What you are asked to do:
Reproduce the records that follow exactly; any picture among them stays out.

::: Record set

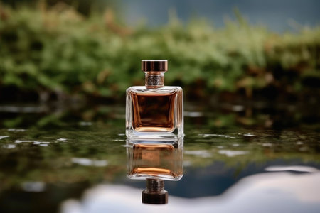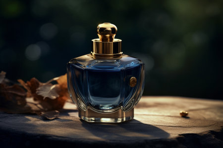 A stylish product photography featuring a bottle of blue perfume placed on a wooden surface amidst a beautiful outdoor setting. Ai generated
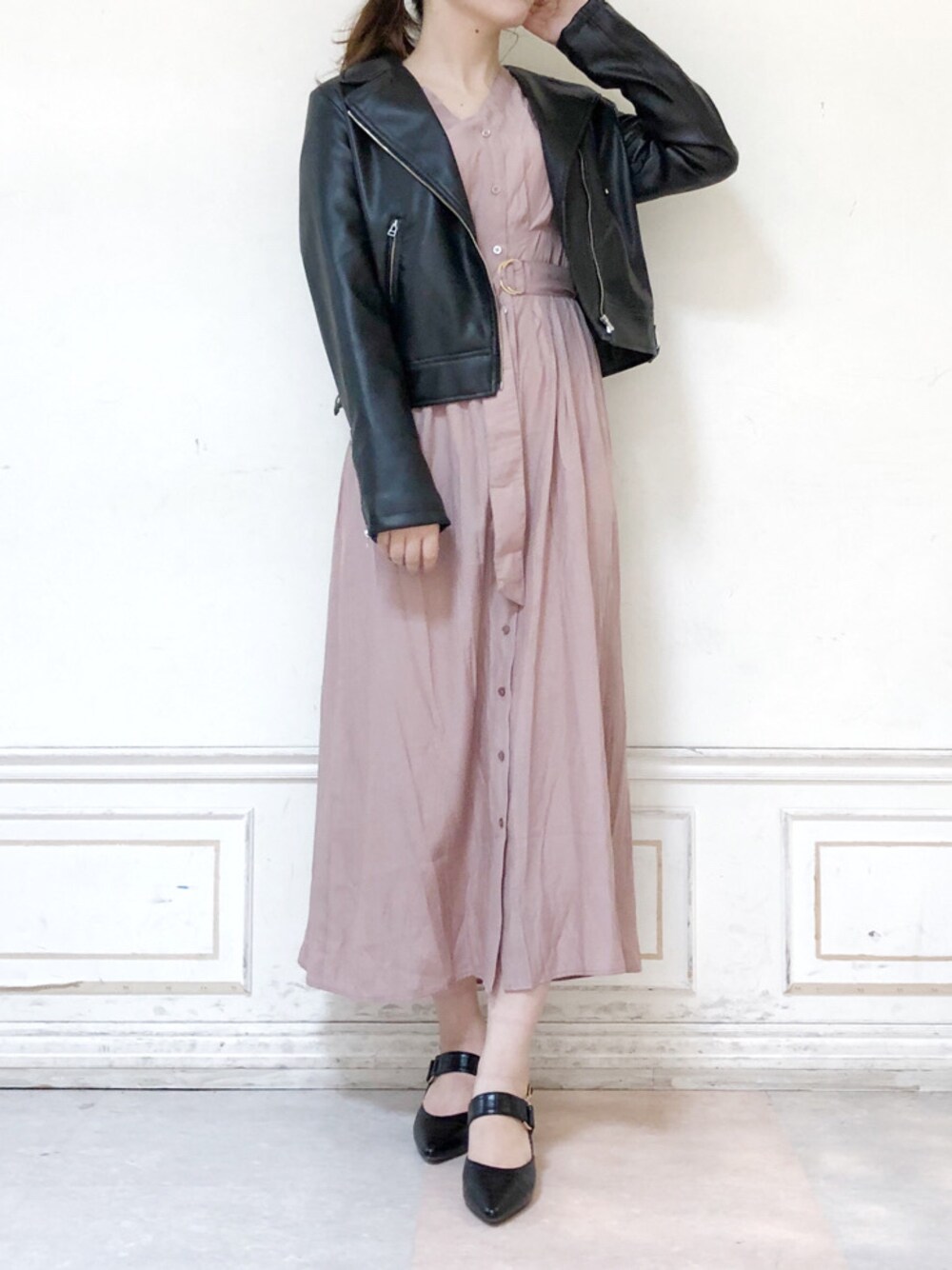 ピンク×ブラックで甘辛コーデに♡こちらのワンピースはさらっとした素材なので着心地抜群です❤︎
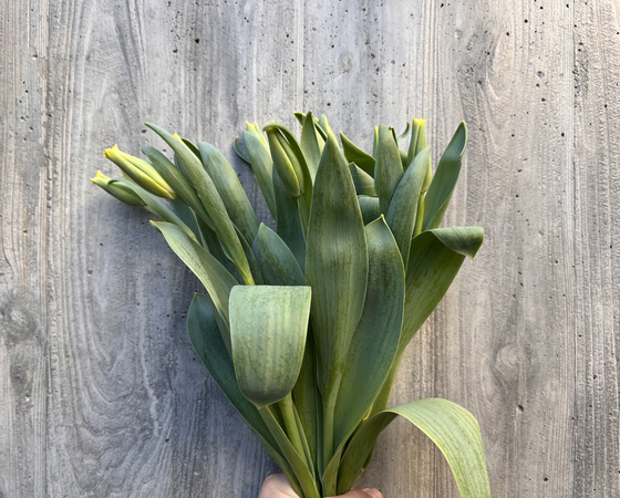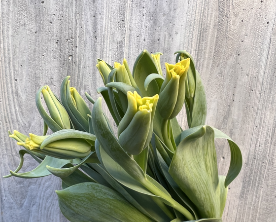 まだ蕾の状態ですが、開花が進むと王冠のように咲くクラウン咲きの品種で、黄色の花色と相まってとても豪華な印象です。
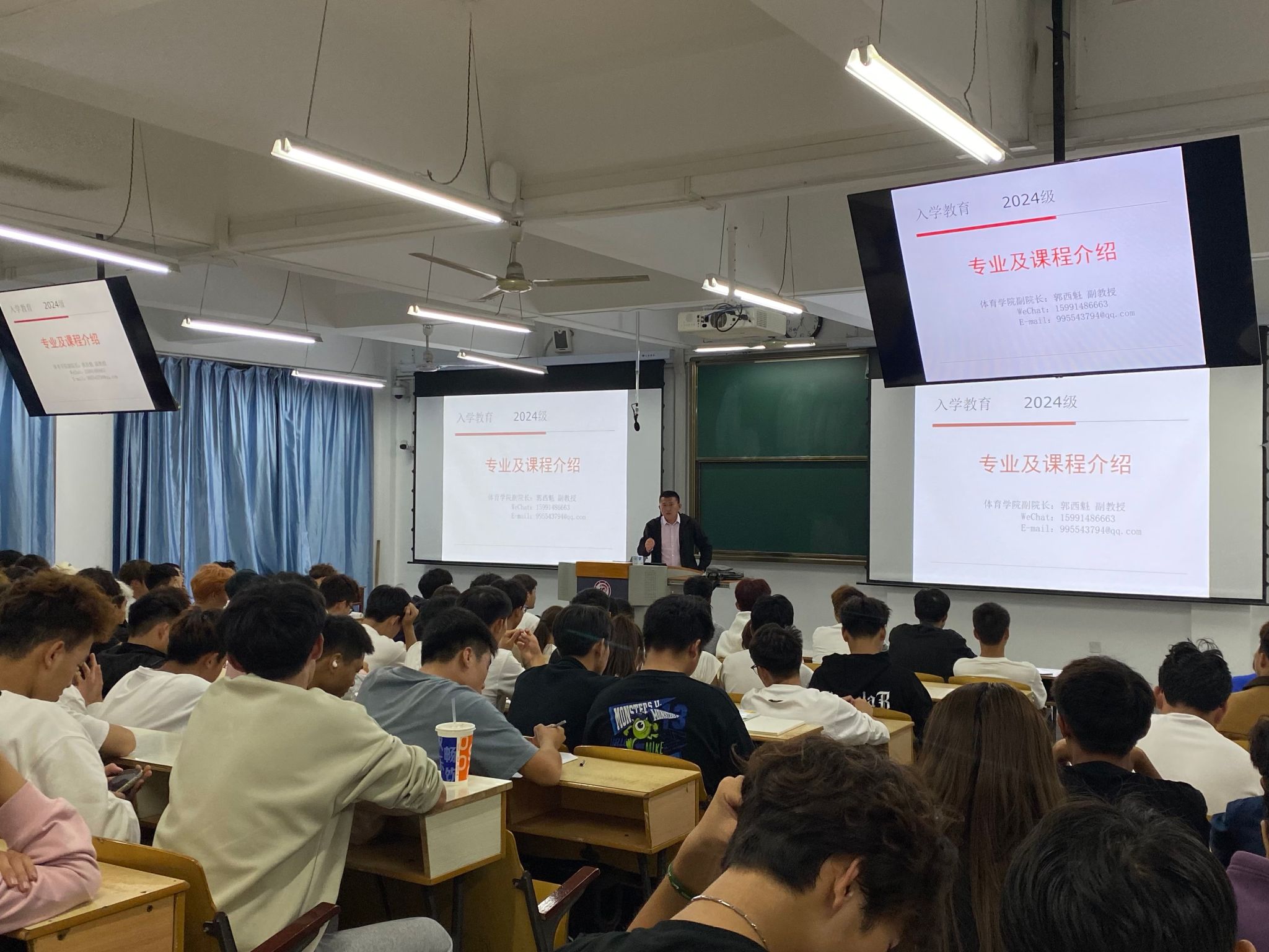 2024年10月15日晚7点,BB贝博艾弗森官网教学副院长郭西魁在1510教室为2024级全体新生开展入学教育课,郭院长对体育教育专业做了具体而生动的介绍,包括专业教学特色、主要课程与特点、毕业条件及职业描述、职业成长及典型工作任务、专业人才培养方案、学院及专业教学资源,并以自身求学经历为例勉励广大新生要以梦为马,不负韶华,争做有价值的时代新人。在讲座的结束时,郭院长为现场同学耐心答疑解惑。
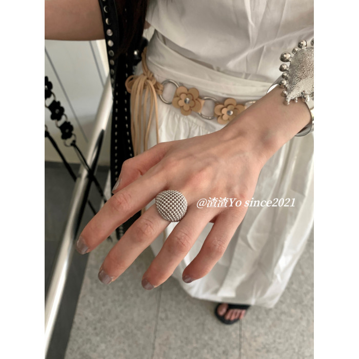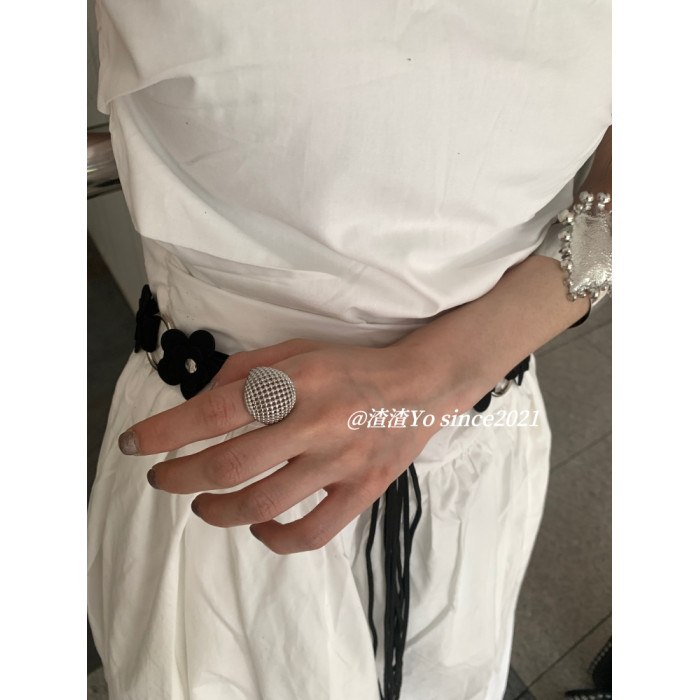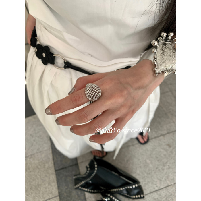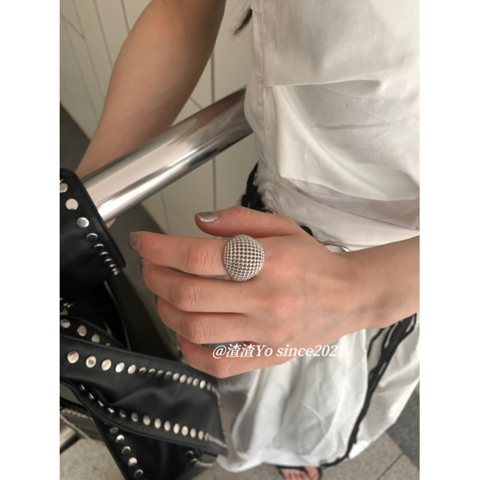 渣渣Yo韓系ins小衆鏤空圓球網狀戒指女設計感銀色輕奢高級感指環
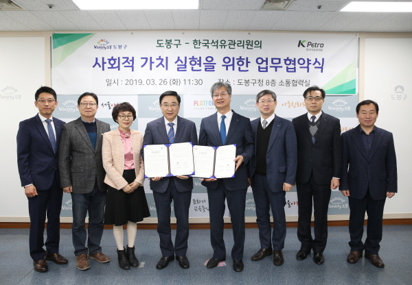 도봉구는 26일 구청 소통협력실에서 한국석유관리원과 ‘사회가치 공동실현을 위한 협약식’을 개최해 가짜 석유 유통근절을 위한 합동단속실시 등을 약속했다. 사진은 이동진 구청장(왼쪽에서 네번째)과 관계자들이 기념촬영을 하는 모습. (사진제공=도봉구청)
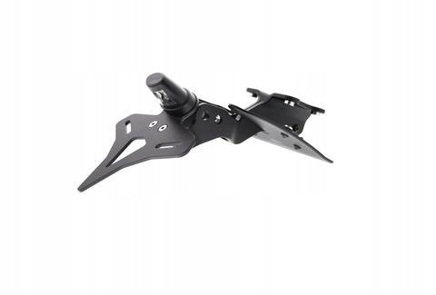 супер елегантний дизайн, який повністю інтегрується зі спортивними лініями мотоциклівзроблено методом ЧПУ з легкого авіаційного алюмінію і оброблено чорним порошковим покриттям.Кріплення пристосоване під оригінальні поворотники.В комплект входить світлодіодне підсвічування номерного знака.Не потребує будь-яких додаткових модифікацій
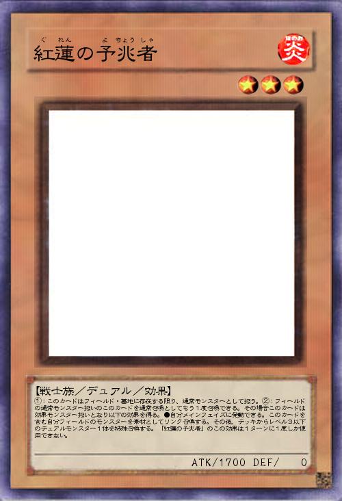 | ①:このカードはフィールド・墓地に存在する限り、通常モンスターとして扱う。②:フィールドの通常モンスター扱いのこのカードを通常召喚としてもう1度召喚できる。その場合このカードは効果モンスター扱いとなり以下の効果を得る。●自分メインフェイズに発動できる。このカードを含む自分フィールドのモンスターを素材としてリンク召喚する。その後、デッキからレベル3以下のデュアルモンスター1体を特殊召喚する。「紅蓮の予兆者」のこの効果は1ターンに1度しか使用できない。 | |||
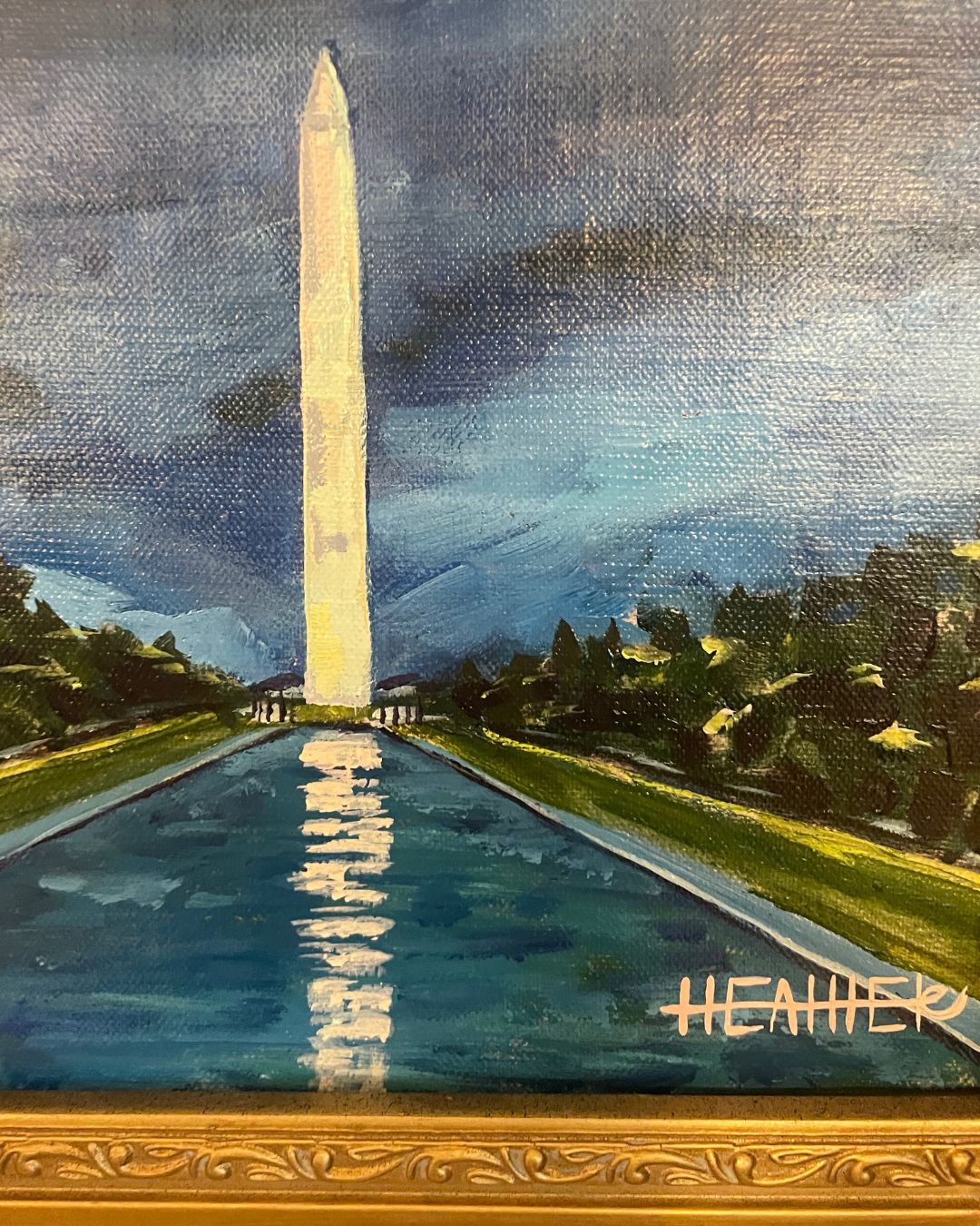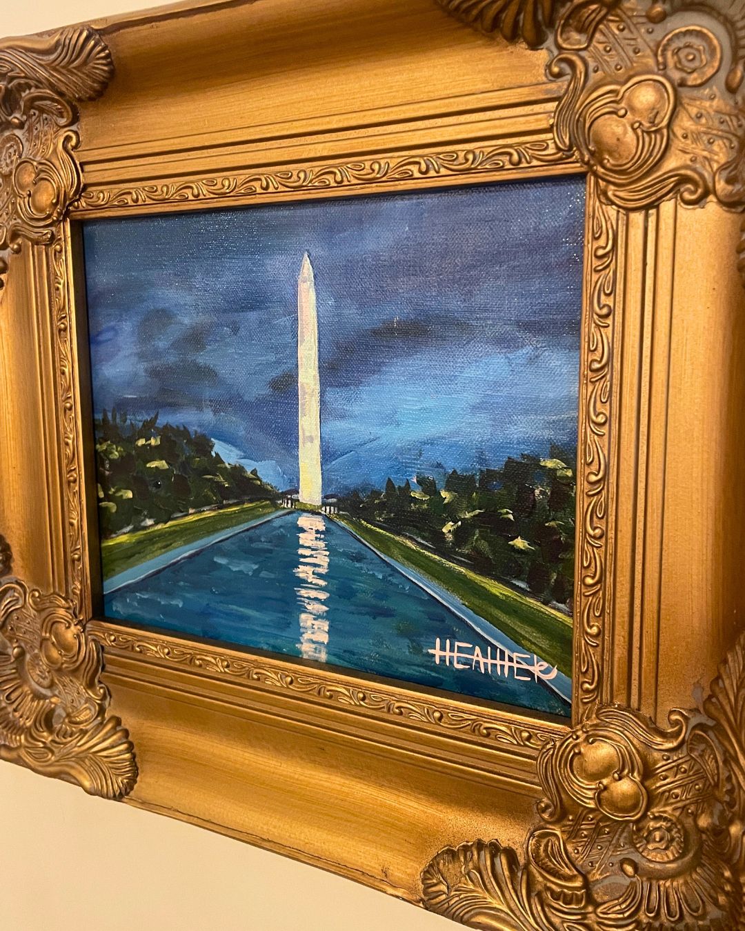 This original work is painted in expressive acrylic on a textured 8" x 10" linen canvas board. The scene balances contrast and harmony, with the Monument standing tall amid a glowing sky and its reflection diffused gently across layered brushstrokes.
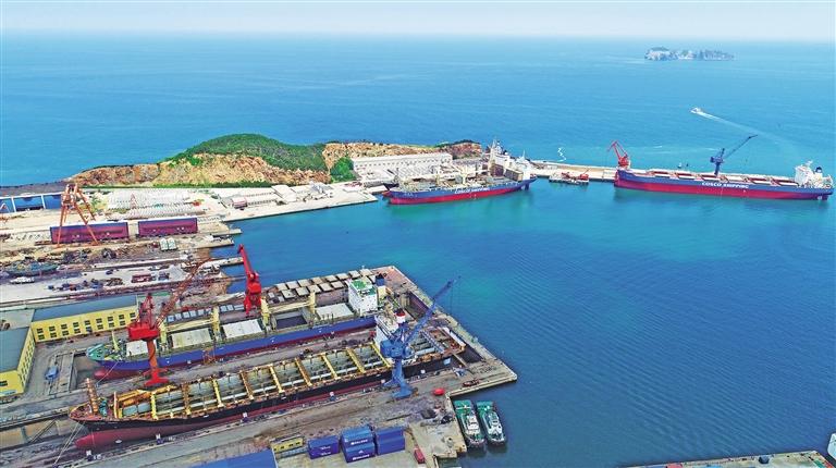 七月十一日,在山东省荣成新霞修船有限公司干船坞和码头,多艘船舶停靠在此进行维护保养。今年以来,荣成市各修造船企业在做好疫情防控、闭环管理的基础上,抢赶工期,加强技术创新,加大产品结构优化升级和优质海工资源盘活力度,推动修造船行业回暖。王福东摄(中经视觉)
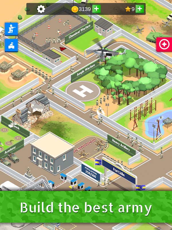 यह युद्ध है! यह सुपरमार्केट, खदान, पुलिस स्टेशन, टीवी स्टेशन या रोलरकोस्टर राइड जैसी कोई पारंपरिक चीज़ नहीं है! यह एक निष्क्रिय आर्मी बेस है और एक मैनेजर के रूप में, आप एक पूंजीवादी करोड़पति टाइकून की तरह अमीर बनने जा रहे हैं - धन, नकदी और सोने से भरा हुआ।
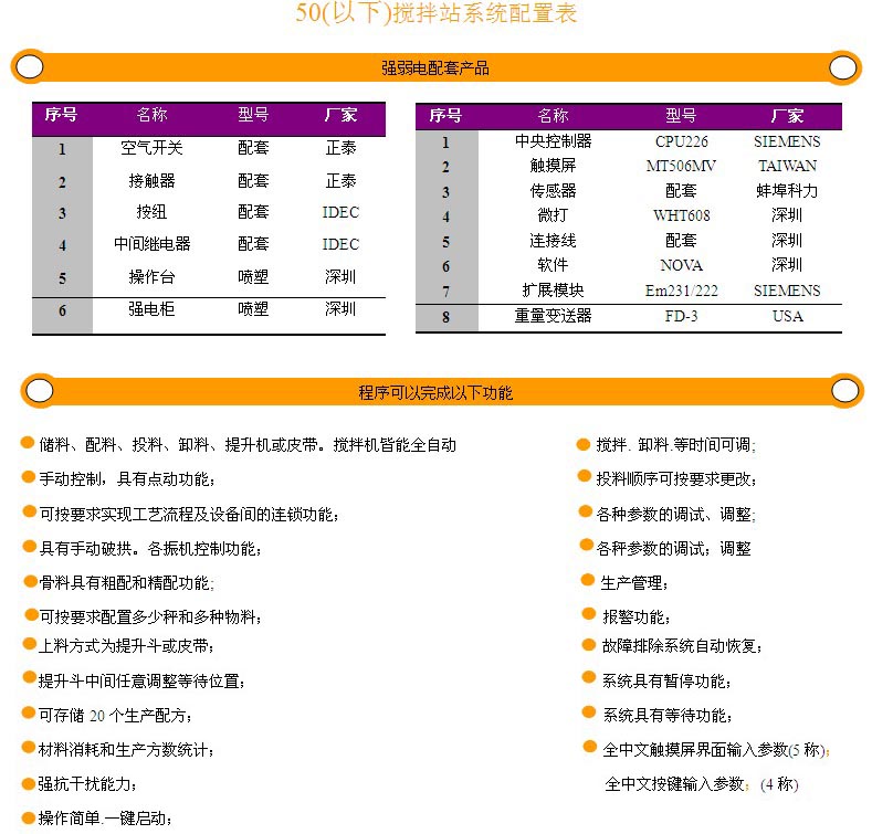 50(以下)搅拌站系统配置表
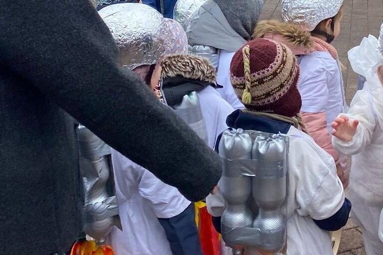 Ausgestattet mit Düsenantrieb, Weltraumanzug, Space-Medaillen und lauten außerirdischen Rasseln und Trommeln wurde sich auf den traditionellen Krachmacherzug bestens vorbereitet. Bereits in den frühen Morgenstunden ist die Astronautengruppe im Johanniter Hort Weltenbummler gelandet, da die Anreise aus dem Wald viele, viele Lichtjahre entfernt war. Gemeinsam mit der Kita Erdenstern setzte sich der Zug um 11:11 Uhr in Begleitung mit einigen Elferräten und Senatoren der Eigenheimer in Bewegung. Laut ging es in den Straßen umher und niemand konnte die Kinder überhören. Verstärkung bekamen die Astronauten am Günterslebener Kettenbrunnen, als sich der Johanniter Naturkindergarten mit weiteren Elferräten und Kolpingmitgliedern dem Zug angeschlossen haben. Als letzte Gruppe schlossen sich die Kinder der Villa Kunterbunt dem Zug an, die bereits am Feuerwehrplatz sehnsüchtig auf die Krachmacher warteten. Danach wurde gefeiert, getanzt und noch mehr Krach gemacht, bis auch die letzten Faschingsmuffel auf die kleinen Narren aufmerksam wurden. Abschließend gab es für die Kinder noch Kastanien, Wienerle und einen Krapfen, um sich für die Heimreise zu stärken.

::::::

Response area:
 A stylish product photography featuring a bottle of blue perfume placed on a wooden surface amidst a beautiful outdoor setting. Ai generated
 ピンク×ブラックで甘辛コーデに♡こちらのワンピースはさらっとした素材なので着心地抜群です❤︎
 まだ蕾の状態ですが、開花が進むと王冠のように咲くクラウン咲きの品種で、黄色の花色と相まってとても豪華な印象です。
 2024年10月15日晚7点,BB贝博艾弗森官网教学副院长郭西魁在1510教室为2024级全体新生开展入学教育课,郭院长对体育教育专业做了具体而生动的介绍,包括专业教学特色、主要课程与特点、毕业条件及职业描述、职业成长及典型工作任务、专业人才培养方案、学院及专业教学资源,并以自身求学经历为例勉励广大新生要以梦为马,不负韶华,争做有价值的时代新人。在讲座的结束时,郭院长为现场同学耐心答疑解惑。
 渣渣Yo韓系ins小衆鏤空圓球網狀戒指女設計感銀色輕奢高級感指環
 도봉구는 26일 구청 소통협력실에서 한국석유관리원과 ‘사회가치 공동실현을 위한 협약식’을 개최해 가짜 석유 유통근절을 위한 합동단속실시 등을 약속했다. 사진은 이동진 구청장(왼쪽에서 네번째)과 관계자들이 기념촬영을 하는 모습. (사진제공=도봉구청)
 супер елегантний дизайн, який повністю інтегрується зі спортивними лініями мотоциклівзроблено методом ЧПУ з легкого авіаційного алюмінію і оброблено чорним порошковим покриттям.Кріплення пристосоване під оригінальні поворотники.В комплект входить світлодіодне підсвічування номерного знака.Не потребує будь-яких додаткових модифікацій
 | ①:このカードはフィールド・墓地に存在する限り、通常モンスターとして扱う。②:フィールドの通常モンスター扱いのこのカードを通常召喚としてもう1度召喚できる。その場合このカードは効果モンスター扱いとなり以下の効果を得る。●自分メインフェイズに発動できる。このカードを含む自分フィールドのモンスターを素材としてリンク召喚する。その後、デッキからレベル3以下のデュアルモンスター1体を特殊召喚する。「紅蓮の予兆者」のこの効果は1ターンに1度しか使用できない。 | |||
 This original work is painted in expressive acrylic on a textured 8" x 10" linen canvas board. The scene balances contrast and harmony, with the Monument standing tall amid a glowing sky and its reflection diffused gently across layered brushstrokes.
 七月十一日,在山东省荣成新霞修船有限公司干船坞和码头,多艘船舶停靠在此进行维护保养。今年以来,荣成市各修造船企业在做好疫情防控、闭环管理的基础上,抢赶工期,加强技术创新,加大产品结构优化升级和优质海工资源盘活力度,推动修造船行业回暖。王福东摄(中经视觉)
 यह युद्ध है! यह सुपरमार्केट, खदान, पुलिस स्टेशन, टीवी स्टेशन या रोलरकोस्टर राइड जैसी कोई पारंपरिक चीज़ नहीं है! यह एक निष्क्रिय आर्मी बेस है और एक मैनेजर के रूप में, आप एक पूंजीवादी करोड़पति टाइकून की तरह अमीर बनने जा रहे हैं - धन, नकदी और सोने से भरा हुआ।
 50(以下)搅拌站系统配置表
 Ausgestattet mit Düsenantrieb, Weltraumanzug, Space-Medaillen und lauten außerirdischen Rasseln und Trommeln wurde sich auf den traditionellen Krachmacherzug bestens vorbereitet. Bereits in den frühen Morgenstunden ist die Astronautengruppe im Johanniter Hort Weltenbummler gelandet, da die Anreise aus dem Wald viele, viele Lichtjahre entfernt war. Gemeinsam mit der Kita Erdenstern setzte sich der Zug um 11:11 Uhr in Begleitung mit einigen Elferräten und Senatoren der Eigenheimer in Bewegung. Laut ging es in den Straßen umher und niemand konnte die Kinder überhören. Verstärkung bekamen die Astronauten am Günterslebener Kettenbrunnen, als sich der Johanniter Naturkindergarten mit weiteren Elferräten und Kolpingmitgliedern dem Zug angeschlossen haben. Als letzte Gruppe schlossen sich die Kinder der Villa Kunterbunt dem Zug an, die bereits am Feuerwehrplatz sehnsüchtig auf die Krachmacher warteten. Danach wurde gefeiert, getanzt und noch mehr Krach gemacht, bis auch die letzten Faschingsmuffel auf die kleinen Narren aufmerksam wurden. Abschließend gab es für die Kinder noch Kastanien, Wienerle und einen Krapfen, um sich für die Heimreise zu stärken.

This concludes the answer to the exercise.